Le producteur de jeux de jambes de Chicago, Heavee, a d'abord acquis le goût de la musique dance à travers les dessins animés et les jeux vidéo. Dans une interview, il a cité les partitions chargées de breakbeat de Les Powerpuff Girls et L'avenir de la radio Jet Set comme son introduction à la musique électronique. Certains de ses premiers morceaux qu'il a produits sur une Playstation 2, en utilisant L'usine numérique Hitz de Funkmaster Flex. Sur son premier album de 2018 avec le collectif Teklife, les arrangements de synthé luxuriants et nostalgiques de Heavee distinguent son style du son plus minimaliste de ses pairs, et de celui de 2022. Assaut audio EP, sur Hyperdub, faisait encore plus clairement allusion aux sons de sa jeunesse, en utilisant des mélodies étranges et des échantillons 16 bits pour imiter l'atmosphère des combats de boss.
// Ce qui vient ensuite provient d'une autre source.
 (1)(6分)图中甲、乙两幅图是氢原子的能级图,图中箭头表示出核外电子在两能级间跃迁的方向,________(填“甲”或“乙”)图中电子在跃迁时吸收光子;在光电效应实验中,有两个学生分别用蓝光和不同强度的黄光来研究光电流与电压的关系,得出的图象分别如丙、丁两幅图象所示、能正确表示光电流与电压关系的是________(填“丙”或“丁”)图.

Le premier album de Heavee pour Hyperdub, Libérez, est en grande partie une étude de conception sonore, explorant d'étranges textures métalliques, du kitsch new-age et des progressions d'accords de club vintage. « Ouvrir! » s'ouvre sur des tons de basse noueux qui ressemblent aux grognements d'une bête de haut niveau dans un jeu de rôle, accompagnés uniquement d'impulsions parasites bourdonnantes. C'est une intro profondément troublante (surtout pour un morceau inséré si tôt dans un disque de danse), mais la patience de Heavee porte ses fruits lorsque les éléments se fondent enfin dans un rythme. Le résultat établit un équilibre entre le collage sonore progressif de Hausu Mountain et les expérimentations les plus purement percussives de SOPHIE ; c'est un nid de guêpes composé de bourdonnements entrecroisés, de battements agités et de gazouillis d'insectoïdes. « Whiplash » est une reconstruction tout aussi industrielle du jeu de jambes : autour d’ordres étourdis et aigus pour « faire l’imbécile avec », Heavee martèle comme s’il érigeait un échafaudage en toile de fond. C'est comme danser car le club se construit encore autour de vous.
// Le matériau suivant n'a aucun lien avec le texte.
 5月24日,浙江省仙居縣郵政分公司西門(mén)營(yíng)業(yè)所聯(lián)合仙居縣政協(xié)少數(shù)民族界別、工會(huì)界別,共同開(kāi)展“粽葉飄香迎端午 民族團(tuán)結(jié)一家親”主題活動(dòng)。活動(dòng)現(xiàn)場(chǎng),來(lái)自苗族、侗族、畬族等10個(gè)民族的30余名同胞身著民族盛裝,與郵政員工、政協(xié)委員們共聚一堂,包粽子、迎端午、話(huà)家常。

Ailleurs, Heavee compense ces coupes épurées par une orchestration baroque. L'ouverture « StarSeeker » est aussi jolie que le jeu de jambes, avec des synthés étincelants rappelant l'IDM des années 90 ; « Smoke Break » fait appel au multi-instrumentiste Takayuka Nakamura pour jouer de la trompette en direct sur des claviers de jazz de rêve. Quelques morceaux évitent complètement la batterie, se concentrant plutôt sur le penchant de Heavee pour les sons des synthés classiques. Avec des morceaux de jeu de jambes plus traditionnels comme « CanUFeelIt » et « WorkMe », faisant référence à Goodie Mob, remplissant l'espace entre les idées les plus extravagantes du producteur, Libérez agit comme une enquête à la fois sur l’histoire du genre et sur celle de l’artiste.